Ken & Tawinee

Kurt’s Blog: What I’ve Learned From Sons of Anarchy

I’m binge-watching in an effort to catch up before the finale.

I started in the middle of August, and here I am…end of October, and I’m almost halfway IMG_5195done through Season 6. It’s been a tremendous commitment…although, I must admit, I’m losing a bit of my excitement…as it’s feeling more like a “chore” to watch all these episodes. Getting a few days off in-between would make it feel fresher…but that would screw up my timeline.

Since I’ve started watching…I’ve transformed myself into a Jax/Opie hybrid…with just a touch of Chibs.

See….this is how I’m dressing nearly every day…flannels are back in my life…and stocking caps.

 

 

Behold my Halloween photo…

IMG_5078

I am SAMCRO.

Okay…maybe not…because here’s why I would make a terrible member of the Sons of Anarchy:

1) I’ve never ridden a motorcycle….seems essential to being part of a motorcycle club.

2) I’m not a fan of guns…so running guns would be something I would prefer not to do.

3) Never shot a gun…never killed a man…I don’t think I’d ever earn my “Men of Mayhem” patch. Tig would just stare at me and say “What is a matter with you?”…but Tig, really, what’s a matter with you?

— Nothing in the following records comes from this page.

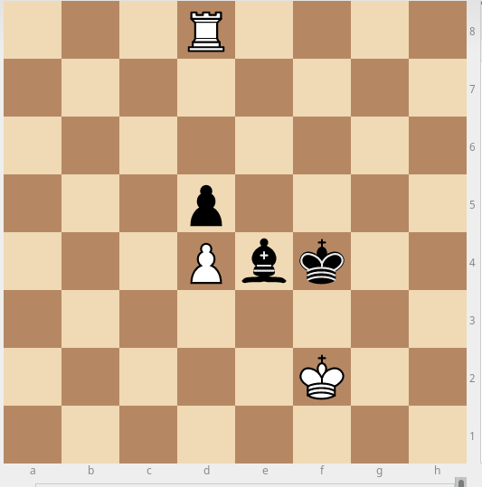Всё, план выполнен, пора собирать урожай: теперь, после взятия ладьёй пешки, если чёрные возьмут слоном ладью, белые забирают слона королём с очевидно выигранной позицией - король белых имеет возможность встать от чёрного короля по другую сторону вертикали, по которой движется пешка, если ладью не брать - она возвращается на вертикаль "e", делая чёрного короля пассивным наблюдателем, того, как белый король проталкивает свою пешку к полю превращения, и результат очевиден:
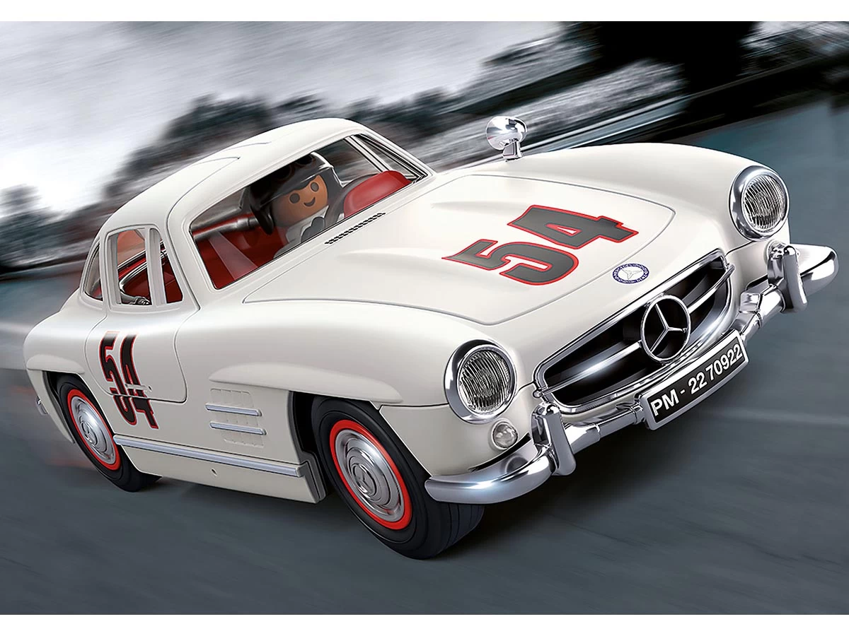 Presentamos el Mercedes-Benz 300 SL, un ícono de automóvil deportivo clásico de la década de 1950 con legendarias puertas de ala de gaviota. Cuando se presentó en el International Motor Sports Show en Nueva York en 1954, el Mercedes-Benz 300 SL fue considerado el automóvil deportivo más rápido de su tiempo, alcanzando velocidades máximas de 228 mph. Con sus puertas de ala de gaviota, inyección directa de gasolina y bastidor tubular de celosía, el 300 SL es muy reconocible. La receta para el éxito del 300 SL es su combinación perfecta de carácter rudo combinado con una pizca de lujo y extravagancia. Y ahora, el deportivo de ensueño del siglo XX aparece en versión PLAYMOBIL, con legendarias puertas batientes de ala de gaviota, parachoques y parrilla del radiador cromados, y accesorios de los años 50. Abre fácilmente las puertas de ala de gaviota para sentar a las figuras. Hay espacio más que suficiente en el maletero para el almacenamiento. Con la ayuda del tablero de boxes, el piloto se mantiene informado sobre su posición durante la carrera.
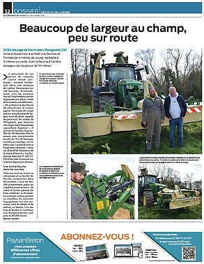Découvrez dans ce reportage du journal Paysan Breton pourquoi Arnaud Gouennou a fait le choix de la faucheuse frontale EasyCut F 400 CV Fold.
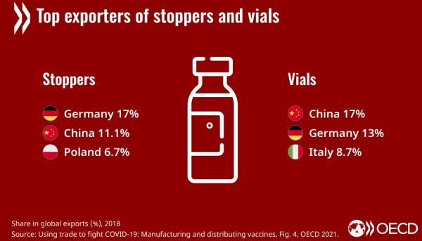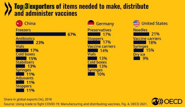 Η Κίνα που κατέχει το 67% των εξαγωγών καταψυκτών, το 23% των αντιβιοτικών, το 17% φιαλιδίων και το 15% των σταθεροποιητών. Η Γερμανία κατέχει το 17% των εξαγωγών σε συντηρητικά και πώματα φιαλιδίων, και το 14% σε κουτιά μεταφοράς εμβολίων. Ενώ οι ΗΠΑ προηγούνται στις βελόνες με 21%, στα κουτιά μεταφορά εμβολίων με 18% και στις σύριγγες με 15%.

4) I’m still not sure what “SAMCRO” stands for. Without Googling, I’m guessing Sons of Anarchy Motorcycle Club R…something O. No idea.

5) I can’t drink as much as I used to.

6) I’d have too much remorse for ruining people’s lives.

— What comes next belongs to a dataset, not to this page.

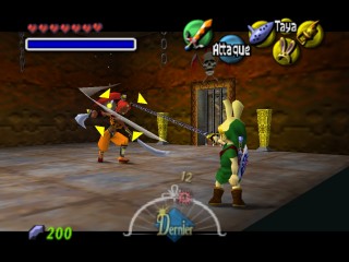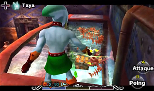 Cette fois, le Masque de la Pierre n'aura aucun effet, et de toute façon la pièce est fermée. Il faut donc lui rentrer dans le tas et, même si elle se défend plutôt bien, trois coups d'épée (ou quatre flèches, ou deux de feu, qu'elle tente d'esquiver) bien placés (juste avant qu'elle n'attaque ça passe bien) la mettront en fuite. Vous pouvez aussi la figer avec votre grappin, mais pour que ça marche, comme elle évite le coup, il faudra le lancer en feintant à bonne distance, le rappeler tout de suite puis le relancer, ou alors le lancer pendant qu'elle prépare son attaque.
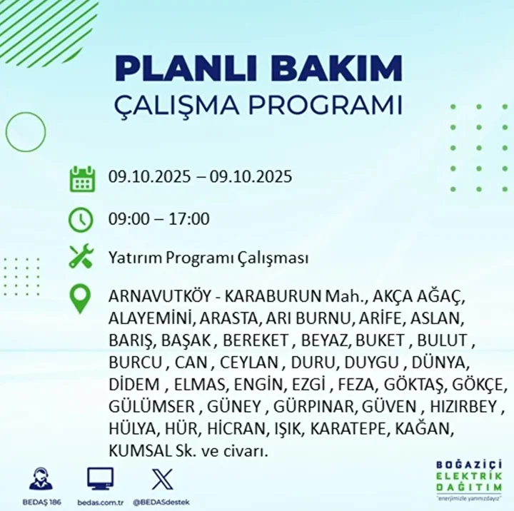 Boğaziçi Elektrik Dağıtım A.Ş tarafından yapılan duyuruya göre 9 Ekim Perşembe İstanbul'da farklı saat aralıklarında 21 ilçede elektrik kesintisi uygulanacak.

7) My wife prefers not to be referred to as “My Old Lady”…this I don’t understand (I’m totally kidding, I fully understand).

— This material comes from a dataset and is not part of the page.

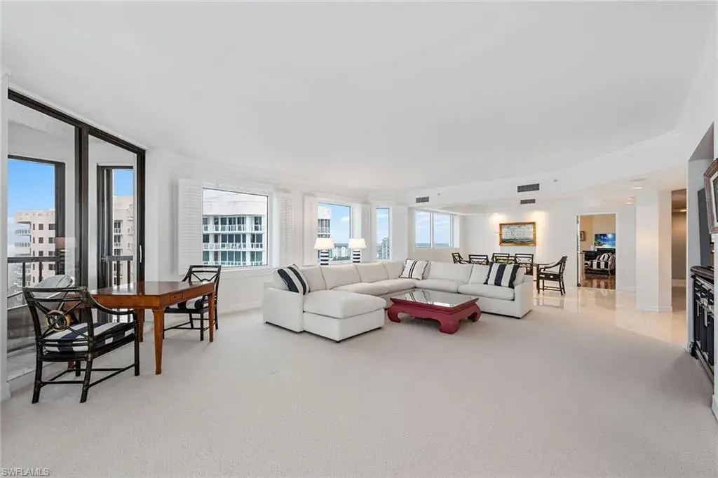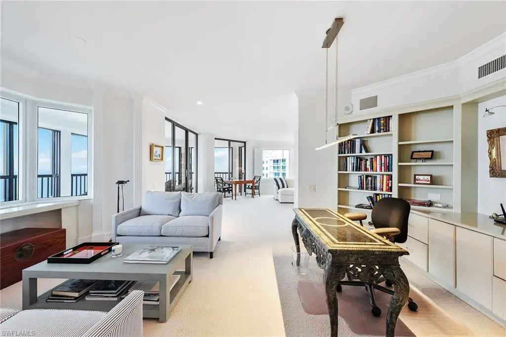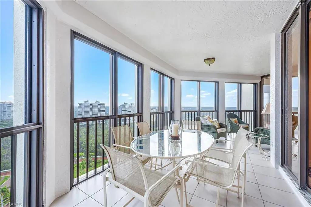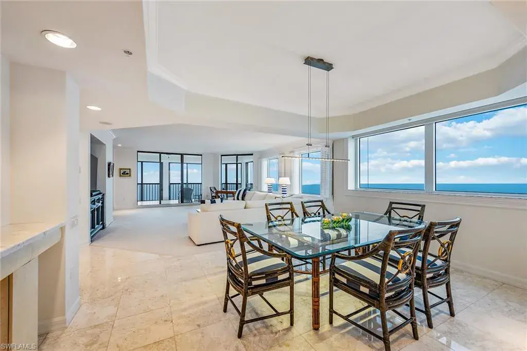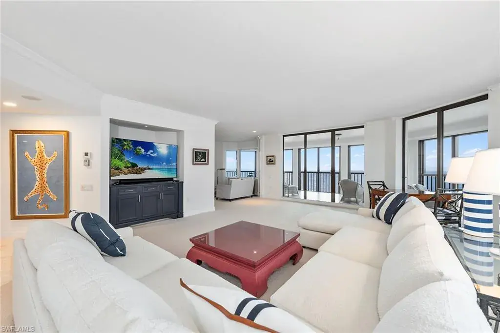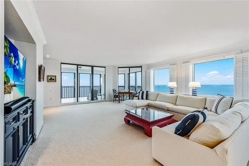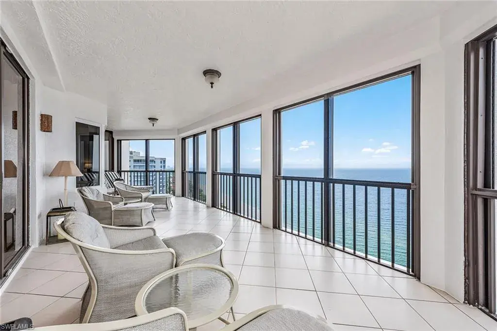 Gorgeous gulf and beach views! High-floor gulf view residence directly on the beach in the private gated community of Bay Colony. Featuring panoramic views of the Gulf of Mexico through hurricane-impact glass picture windows and floor-to-ceiling glass sliders off the main living area and the primary bedroom. This highly sought-after design welcomes you into an elegant entry foyer and spacious living area boasting tile, elegant moldings, lighting and trim and a separate dining area. The open kitchen with casual den area offers plenty of room for entertaining family and guests including two full guest bedrooms, both with en-suite baths. Extra storage at lobby level. The Carlysle amenities include an impeccable lobby with 24-hour staffed front desk, two guest suites, fitness center, social rooms and a resort-style pool. Bay Colony residents enjoy the use of their private beach club and restaurant, a tennis club, as well as use of amenities of Pelican Bay.

8) I can’t grow my hair out anymore.

9) I’m facially hair challenged. My goatee never fully connects on the right side.

10) I’m not a fan of confrontation.

11) I never enjoy meetings…but I do like the idea of having a big oak table with a reaper in the middle.

12) I consistently bow to authority. If the police say “Stop”…I would stop…not rev up my bike (which I don’t know how to drive) to 90 and out-run them (oh, and maybe shoot at them).

13) If I carried a big knife like they did, I would accidentally stab myself all the time.

14) I can’t tell if I would look tough with a leather cut…or incredibly lame.

15) I’ve never been in a real fight…but I know I would suck at it. Seems like everyone would able to kick my butt.

16) Oh, I’d be a rat…no doubt. I’d cave in a heartbeat. I’d never be able to be like Otto. This is all it would take “You know what we’re going to do to you?” That’s it…I’d spill my guts.

So…in conclusion…I can dress the part…can’t look the part really…overall, can’t be the part…I need to buy a motorcycle. That seems like a purchase that I should run past my wife first.